Prompt: Hello, my name is
Generated text:  Nathan and I am a 16 year old male. I have an extremely short stature, like many kids who are average height compared to my height. What is a good way to adjust my body to make me taller?

Im going to have a go at eating more than normal rice and vegetable but is that a good idea?

Choose your answer from:
[A]. No.
[B]. Yes.
I'm not sure how to respond. Can you provide some advice? To help me make the right decision, could you please explain the science behind it? That would be really helpful.

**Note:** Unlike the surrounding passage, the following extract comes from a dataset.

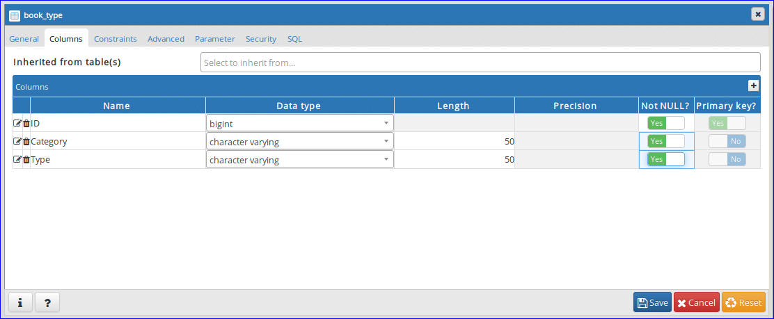 Add three mandatory fields of ‘book_type’ table like the following dialog box. Set ‘bigserial’ as data type (for adding auto increment attribute) and set ‘Yes’ in ‘Not Null’ and ‘Primary key’ fields of ID column. The value of Category and Type column can vary. So select ‘character varying’ as data type for these fields. Click ‘Save’ button to create the table.

I'm afraid I'm going to have a really tough time
Prompt: The president of the United States is
Generated text:  very busy. He works a lot. He is very important in the world. He is a very popular man and many people like him very much. But the president has a lot of problems. He has a lot of work to do and he has to be away from home. It is very difficult for him. But the president likes his family very much. The president often says, "We are all family.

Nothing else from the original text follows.